Collins opened by sharing statistics around Alzheimer's disease, including the rising prevalence and escalating costs.
"If current trends continue, Alzheimer's disease could impact as many as 16 million Americans by 2050," said Collins. "In addition to the human suffering, Alzheimer's is the nation's costliest disease. If we do nothing, the Alzheimer's Association forecasts that Alzheimer's disease will cost the nation $ 1.1 trillion in 2050 ... This is no time to take our foot off the accelerator."
McCaskill welcomed the advocates in attendance. "There's purple everywhere!" she said, eliciting a cheer from the Missouri delegation.
McCaskill echoed Collins' sentiment about the devastating personal consequences and financial burden of Alzheimer's: "We have no hope of balancing our budget and getting our long-term debt under control if we do not address this disease. The impact of this disease is so significant, it turns everyone it touches into an advocate."

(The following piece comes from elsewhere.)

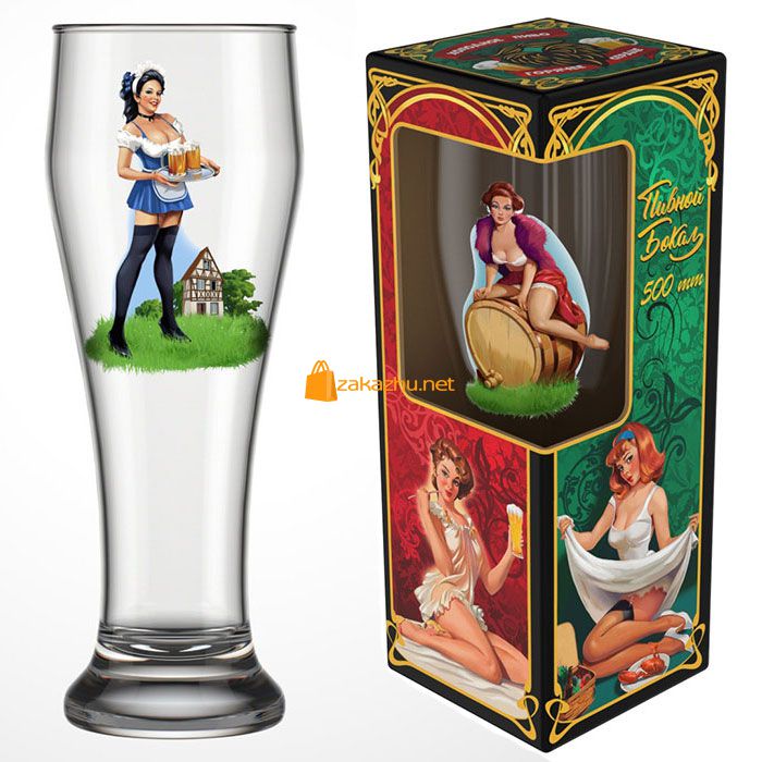 303-Д Бокал пивной 500 мл., Подарочный Pin-up beer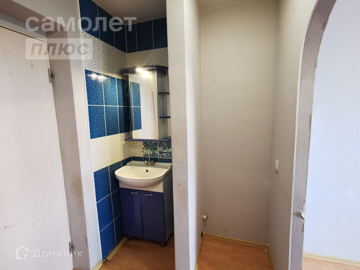 Установлено пластиковое окно, натяжной потолок, на полу ламинат. В комнате установлена раковина, есть возможность подключить стиральную машину, душевую кабину и унитаз.

Dr. Ron Peterson, chair of the Advisory Council on Research, Care and Services for the National Plan to Address Alzheimer's Disease and a member of the Alzheimer's Association National Board of Directors, provided an update on the research elements of the national plan. He cited the additional $350 million for Alzheimer's disease research funding from Congress and the passage of the Alzheimer's Accountability Act in 2014 as examples of great progress, while encouraging the committee to continue to rely on the expertise of researchers when determining future funding levels.

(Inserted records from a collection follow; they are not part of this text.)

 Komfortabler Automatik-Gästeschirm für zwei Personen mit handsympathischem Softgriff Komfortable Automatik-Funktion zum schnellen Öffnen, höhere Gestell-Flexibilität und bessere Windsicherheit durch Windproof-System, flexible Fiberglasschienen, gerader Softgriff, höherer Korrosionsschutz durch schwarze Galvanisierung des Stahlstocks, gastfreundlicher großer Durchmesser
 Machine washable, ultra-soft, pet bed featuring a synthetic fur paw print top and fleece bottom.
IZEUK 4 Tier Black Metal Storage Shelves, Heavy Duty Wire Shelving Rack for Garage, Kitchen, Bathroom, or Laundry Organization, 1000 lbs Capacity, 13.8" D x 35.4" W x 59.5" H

"We strongly encourage Congress to endorse these thoughtfully generated and recommended funding levels since these are done by experts at the NIH," Peterson said.

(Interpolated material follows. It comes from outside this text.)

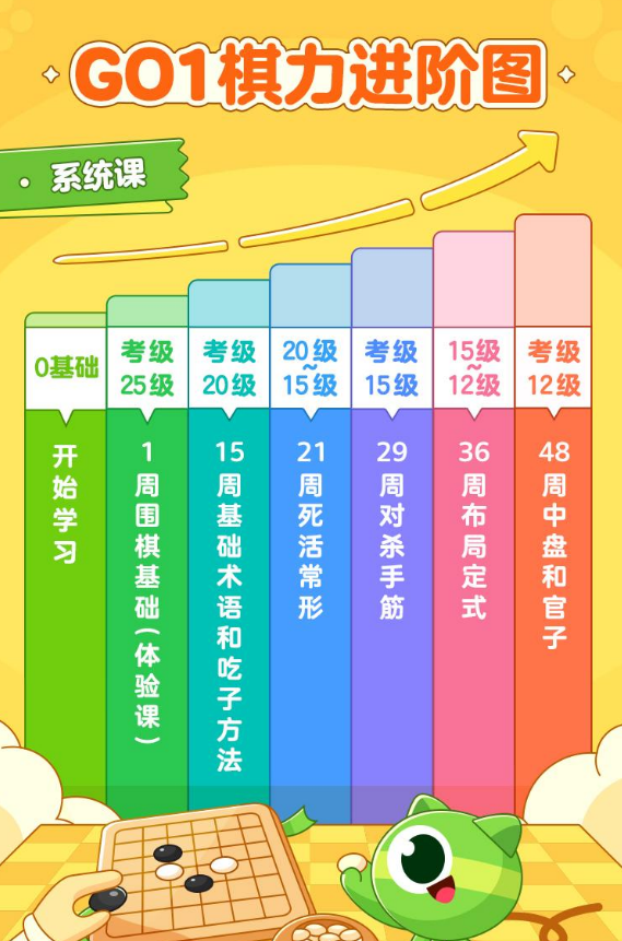 豌豆围棋整个体系从入门到进阶效率很高,一年就能到12级,两年到1级,两年半就能晋升业余1段,无论是是零基础的孩子,还是有基础的孩子,都能找到系统学习围棋的方法

Peterson closed by thanking the committee for its support and imploring members to continue their efforts.
"While this is an exciting time to be involved with Alzheimer's disease research because of the increased funding, patients and families cannot wait," he said. "This disease is not slowing down; it's increasing because of the aging population. The need cannot be any greater than it is today."
David Hyde Pierce followed by sharing his experience with the disease. "Like 15 million Americans today, I have a connections to Alzheimer's disease and dementia. I lost my grandfather to Alzheimer's disease in 1992, and my dad died in 1998 with vascular dementia and probable Alzheimer's," said Pierce. "As a family member, I witnessed my grandfather's decline, and saw how the strain of caregiving drastically affected my grandmother's health. Along with my brother and sisters, I was a part-time caregiver for my father after our mom passed away, her own health no doubt compromised by the burden of coping with Dad's dementia."
Pierce, a former member of Advisory Council on Research, Care and Services for the National Plan to Address Alzheimer's Disease, and an honorary member of the Alzheimer's Association National Board of Directors, also celebrated the increased research funding, but called for the same for caregivers.
"The investment in research is vital to ultimately achieving an effective treatment for Alzheimer's, but the reality is that we need an equally strong investment in caring for those living with the disease today," he said. "We need to prioritize actions within the national plan that will have the greatest impact on improving the lives of those living with Alzheimer's and their families."
Pierce specifically mentioned the HOPE for Alzheimer's Act, a bill supported by many members of the committee.
"While there is no treatment for Alzheimer's, there are many things that can be done to improve a family's ability to cope with the disease. Creating a care plan can help prevent unnecessary hospitalizations by creating a ways to manage medications and by developing a strategy to prevent falls," he said. "By creating a benefit for care planning after a diagnosis, HOPE will provide a roadmap for the person living with Alzheimer's and their caregivers."